Figure 5. Direct and indirect disruption of complex IV increases APOE expression.

(A) Direct (COX17-20, HIGD1A) and indirect (SLC25A3, SLC31A1, ATP7A) mechanisms required for complex IV assembly. (B) MesoScale ELISA determinations of human APOE in wild-type and HEK293 cell clones null for the genes indicated in blue font. Shown are APOE content in lysates and conditioned media. (C) MesoScale ELISA determinations of human APOE in wild-type and two independent COX17Δ/Δ mutant SH-SY5Y cell clones. (D) MesoScale ELISA determinations of human APOE in wild-type and two independent SLC31A1Δ/Δ mutant SH-SY5Y cell clones were studied. (E) MesoScale ELISA determinations of human APOE in wild-type and two independent ATP7AΔ/Δ mutant SH-SY5Y cell clones transfected with the endocytosis-deficient ATP7A-LL construct. (F) MesoScale ELISA determinations of human APOE in wild-type and two independent ATP7AΔ/Δ mutant SH-SY5Y cell clones. (G) MesoScale ELISA determinations of human APOE in wild-type and SLC25A3Δ mutant HAP1 cells were studied. N=8 for B and n=4 for C-G. (H) NanoString mRNA quantification of human APOE and TBP transcripts in wild-type, and two independent mutant clones of either COX17Δ/Δ or SLC31A1Δ/Δ mutant SH-SY5Y cells.
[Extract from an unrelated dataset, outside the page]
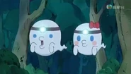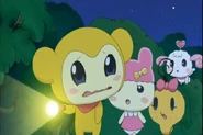 Elsewhere, Lovelitchi and Memetchi walk together feeling slightly spooked by the forest. Telelin starts mentioning the ghosts that must haunt the forest and Lovelitchi quickly shoves her back in her purse. When they come close to Kuchipatchi's hiding spot, he drops a wet rag on Lovelitchi's face, unnerving her. Back at Kikitchi's group, the four find a triangle shaped rock after Kikitchi stops running. Chamametchi thanks Kikitchi for leading them to the coins and he accepts, pretending that he purposely lead them there. As Kikitchi picks up a coin, he notices a blue glow behind the rock. The glow turns out to be a real ghost which chases after the group except Kikitchi who once again freezes in fear.

Wild type and SLC31A1Δ/Δ cells were treated with vehicle or 200 micromolar of the copper chelator bathocuproinedisulfonic acid (BCS). TBP was used as a housekeeping control transcript. n=3. (I) Seahorse basal cellular respiration across different genotypes normalized to the corresponding wild-type cell. (J) Correlation between APOE in conditioned media with either basal cellular respiration (OCR) or the extracellular acidification rate determined by Seahorse (ECAR, n=3–9). Simple linear regression fit and 95% confidence interval is shown. All data are presented as average ± SEM. For B to F, and H One-way ANOVA followed by Benjamini-Krieger-Yekuiteli multiple comparison corrections (FDR = 5%). (G) unpaired t-test with Welch’s correction.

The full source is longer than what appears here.